(Records provided begins)

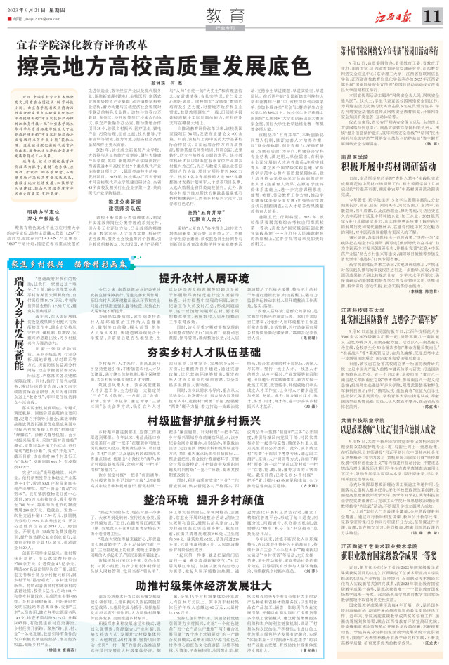 本站讯(记者 袁璐)9月21日,《江西日报》在教育版头版刊发《beat365官方网站深化教育评价改革 擦亮地方高校高质量发展底色》。文章从“明确办学定位 深化产教融合”“推进分类管理 建强师资队伍”“坚持‘五育并举’汇聚育人合力”三个方面,对beat365官网深化教育评价改革、彰显地方高校办学特色的举措与成效进行了报道。
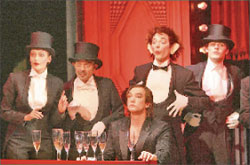 Зато с мсье Пьером (Пётр Красилов) всё ясно. Пусть не с первой, так с пятой минуты. Не возьму на себя смелость утверждать, что это так уж плохо. Потому как традиция осимпатичивания зла, набирающая обороты и на театре, и в литературе, о телевидении и говорить нечего, не просто пагубна, а пагубна коварно. Она сродни опасной болезни, которую пребывающий в благодушестве больной не торопится лечить, ибо не чувствует до поры до времени никаких неудобств. А там глядь – и финиш! Неизлечимо! Этот щеголеватый, не просто приятный, а приятный прямо-таки во всех отношениях господинчик, конечно, не сам дьявол, но уж один из его ближайших подручных – точно. И то, что он делает, – мерзко и гнусно: по законам города палач сначала должен подружиться с осуждённым и только потом смахнуть ему голову с плеч. Так что спаситель, роющий избавительный туннель, всего лишь укорачивает спасаемому путь на эшафот. Где-то Красилов перебарщивает с «перетекаемостью» своего героя, где-то невольно, вероятно, по старой привычке, использует приёмы из амплуа лирического героя, чем до некоторой степени и вызвана симпатия публики, которой сломать привычный шаблон гораздо труднее, чем актёру. Однако даже при некоторой необжитости роли Красилов смог перешагнуть черту узнаваемости и начать доказывать, что ему доступны гораздо более сильные драматические краски.
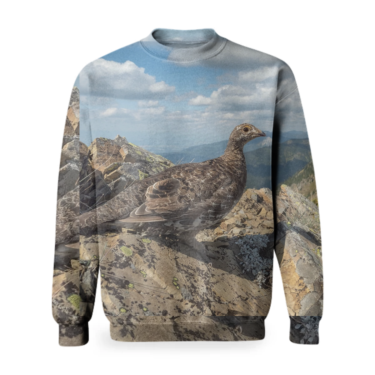 Basic crew neck sweatshirt with made with soft recycled polyester sweatshirt fabric. Features printed neck arm and bottom cuffs.
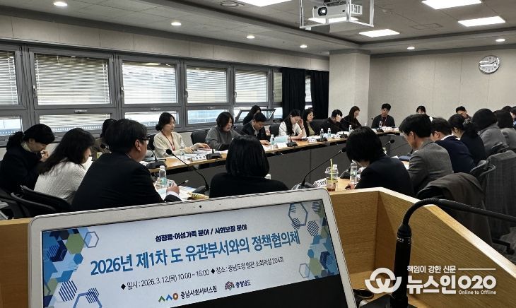 (뉴스인020 = 김성길 기자) 충남사회서비스원은 충청남도와 3월 12일 충남도청 별관 204호 회의실에서 ‘2026년 제1차 정책협의체’ 회의를 개최했다.
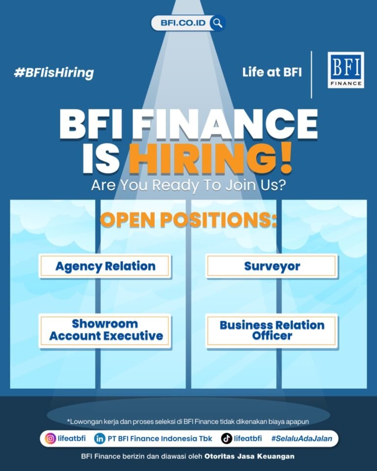 JAKARTA/NASIONAL – BFI Finance Indonesia Tbk, salah satu perusahaan pembiayaan terkemuka di Indonesia, tengah membuka rekrutmen besar-besaran melalui program #BFIisHiring. Kesempatan ini ditujukan bagi individu yang siap bergabung dan berkontribusi di industri jasa keuangan.

(Records provided ends)

Return the entries above exactly and in full; do not include images.

▸ Output
 本站讯(记者 袁璐)9月21日,《江西日报》在教育版头版刊发《beat365官方网站深化教育评价改革 擦亮地方高校高质量发展底色》。文章从“明确办学定位 深化产教融合”“推进分类管理 建强师资队伍”“坚持‘五育并举’汇聚育人合力”三个方面,对beat365官网深化教育评价改革、彰显地方高校办学特色的举措与成效进行了报道。
 Зато с мсье Пьером (Пётр Красилов) всё ясно. Пусть не с первой, так с пятой минуты. Не возьму на себя смелость утверждать, что это так уж плохо. Потому как традиция осимпатичивания зла, набирающая обороты и на театре, и в литературе, о телевидении и говорить нечего, не просто пагубна, а пагубна коварно. Она сродни опасной болезни, которую пребывающий в благодушестве больной не торопится лечить, ибо не чувствует до поры до времени никаких неудобств. А там глядь – и финиш! Неизлечимо! Этот щеголеватый, не просто приятный, а приятный прямо-таки во всех отношениях господинчик, конечно, не сам дьявол, но уж один из его ближайших подручных – точно. И то, что он делает, – мерзко и гнусно: по законам города палач сначала должен подружиться с осуждённым и только потом смахнуть ему голову с плеч. Так что спаситель, роющий избавительный туннель, всего лишь укорачивает спасаемому путь на эшафот. Где-то Красилов перебарщивает с «перетекаемостью» своего героя, где-то невольно, вероятно, по старой привычке, использует приёмы из амплуа лирического героя, чем до некоторой степени и вызвана симпатия публики, которой сломать привычный шаблон гораздо труднее, чем актёру. Однако даже при некоторой необжитости роли Красилов смог перешагнуть черту узнаваемости и начать доказывать, что ему доступны гораздо более сильные драматические краски.
 Basic crew neck sweatshirt with made with soft recycled polyester sweatshirt fabric. Features printed neck arm and bottom cuffs.
 (뉴스인020 = 김성길 기자) 충남사회서비스원은 충청남도와 3월 12일 충남도청 별관 204호 회의실에서 ‘2026년 제1차 정책협의체’ 회의를 개최했다.
 JAKARTA/NASIONAL – BFI Finance Indonesia Tbk, salah satu perusahaan pembiayaan terkemuka di Indonesia, tengah membuka rekrutmen besar-besaran melalui program #BFIisHiring. Kesempatan ini ditujukan bagi individu yang siap bergabung dan berkontribusi di industri jasa keuangan.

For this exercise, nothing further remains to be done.